Florencia Pratto, Ph.D., Stadtman Tenure-Track Investigator, NIH Distinguished Scholar

Current Research

Gametes, such as sperm and eggs, are produced through meiosis. In this specialized type of cell division, a single round of DNA replication is followed by two successive rounds of chromosome segregation. In the first division, homologs (each parental chromosome) separate; in the second division, the sister chromatids segregate, resulting in four haploid daughter cells. The segregation of homologs poses a unique challenge because they must be physically connected for accurate segregation. The connection between homologs, in most mammals, is mediated by the deliberate introduction of hundreds of double-stranded breaks (DSBs) and their subsequent repair through homologous recombination. The cell needs to fine-tune the timing and placement of DSBs to avoid deleterious events, such as mutations or aneuploidies. 20% to 60% of human oocytes have a karyotypic defect, and errors in meiosis are responsible for at least half of clinically recognized miscarriages, as well as a spectrum of chromosomal birth defects in humans, such as Down syndrome.

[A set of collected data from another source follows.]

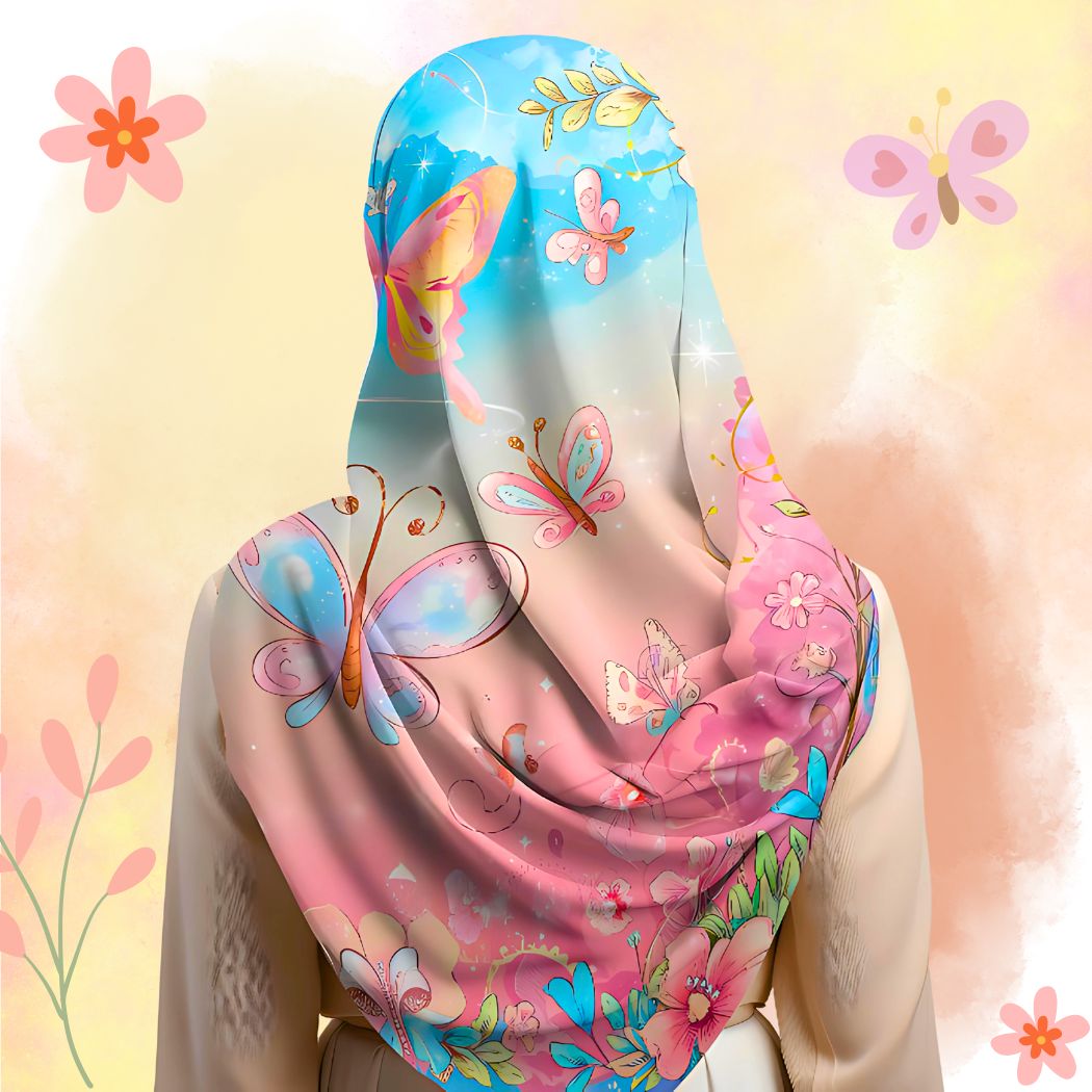 Hijab Premium Motif Motif Bunga dan Kupu-kupu Exclusive dengan kualitas bahan yang berkualitas lembut ,halus dan tidak transparan.
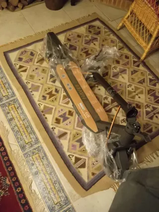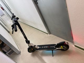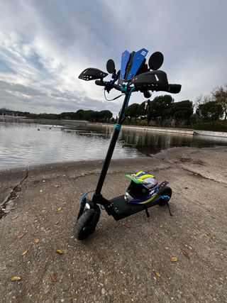 Patinete eléctrico en perfecto estado, listo para usar. - Diseño moderno y funcional. - Manillar con puños de madera. - Pantalla LED azul. - Ruedas negras.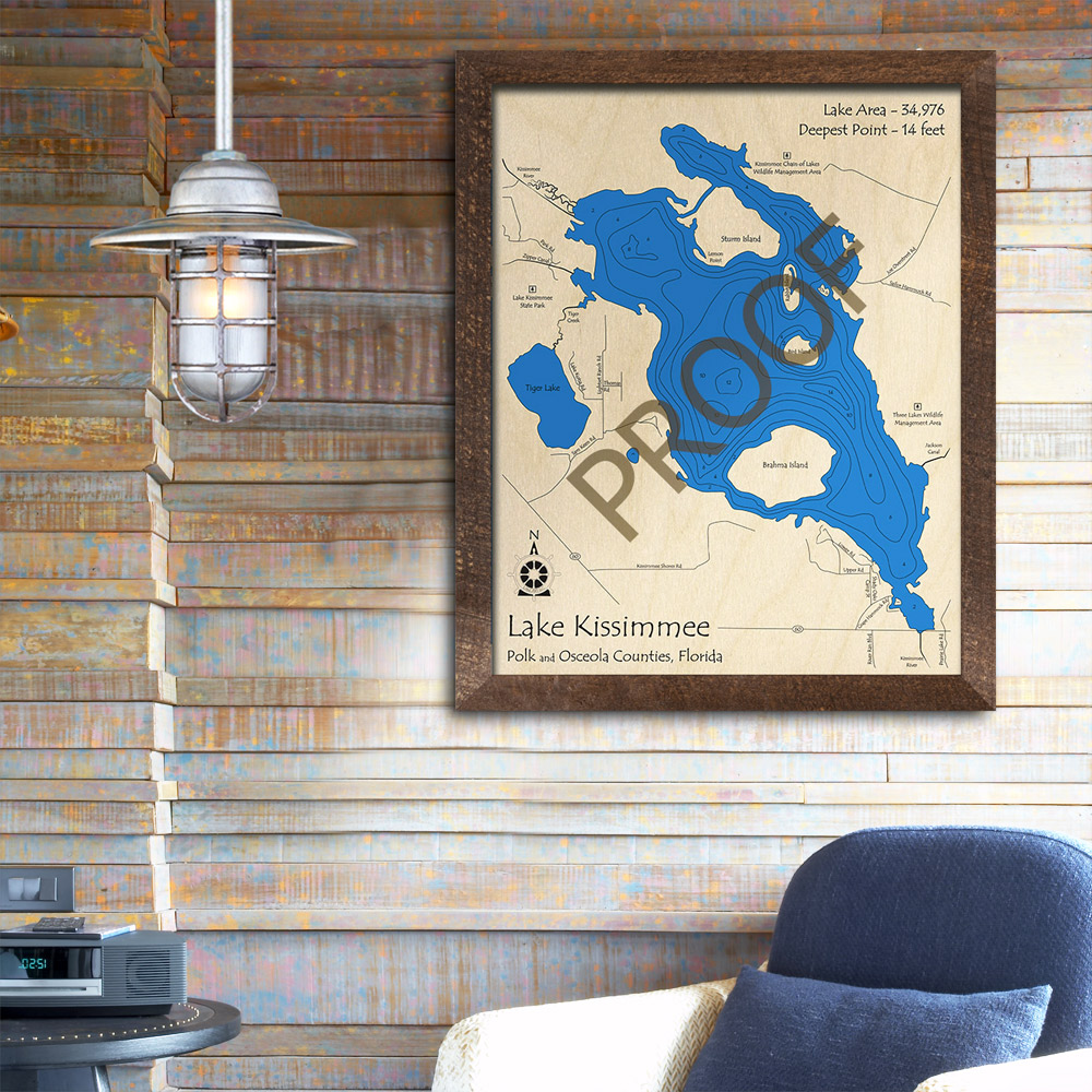Lake Kissimmee, Florida 3D Wood Map | Laser etched Nautical Decor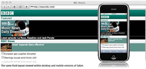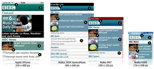 BBC還可以為特定的設(shè)備(或是一組設(shè)備)重新編排一些內(nèi)容。iPhone有非常豐富的功能,因此iPhone版的BBC還有音樂下載選項(xiàng),而其他的設(shè)備可能只會(huì)顯示今天最熱門的‘BBC新聞’。可以根據(jù)數(shù)據(jù)的大小,多媒體的處理能力甚至是屏幕的尺寸決定是否需要針對(duì)iPhone提供更加豐富的內(nèi)容。以Nokia 6680上的‘特色’顯示為例,它大部分的顯示內(nèi)容是讓用戶滾動(dòng)屏幕查看今天最熱門新聞故事。iPhone上顯示了三個(gè)新聞故事,而其中只有一篇配有插入。這使得用戶無需滾動(dòng)屏幕就可以大致了解全部的咨詢。
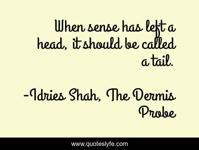 This page presents the quote "When sense has left a head, it should be called a tail.". Author of this quote is Idries Shah, The Dermis Probe. This quote is about proverb, sufis, sufism, wisdom,.
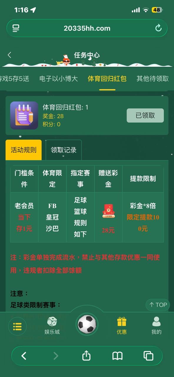 【CG体育】回归红包28元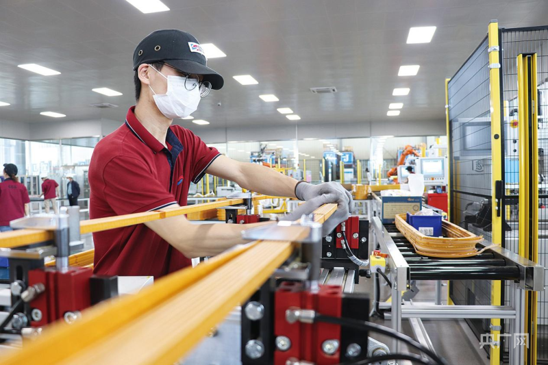 (图为工人在中加特线圈智能制造车间工作)

The main focus of our research is to understand the multiple layers that shape the recombination landscape over size scales ranging from single nucleotides to whole chromosomes in the human and mouse germlines. To achieve this goal we use a combination of genetics, multi-omics analysis and microscopy. Successful meiosis requires the coordination of multiple cellular and molecular processes. Through this research program, I seek to advance our knowledge of a critical biological process at the core of modern genetics that profoundly affects human reproductive health and disease.

Research in Plain Language

During the process of meiosis, which is how cells divide to form gametes (eggs and sperm), there is a step where genetic material is exchanged between chromosomes. This exchange, called recombination, shuffles the genetic information and creates new combinations of genes. Meiotic recombination plays a key role in creating genetic diversity while ensuring genomic stability. This genetic diversity is crucial for the evolution and adaptation of species over time. It provides a way for new traits and combinations of genes to arise, which can be beneficial for the survival of populations in changing environments. We strive to understand how this process is controlled and anticipate errors that are linked to infertility and aneuploid conditions such as Down’s Syndrome.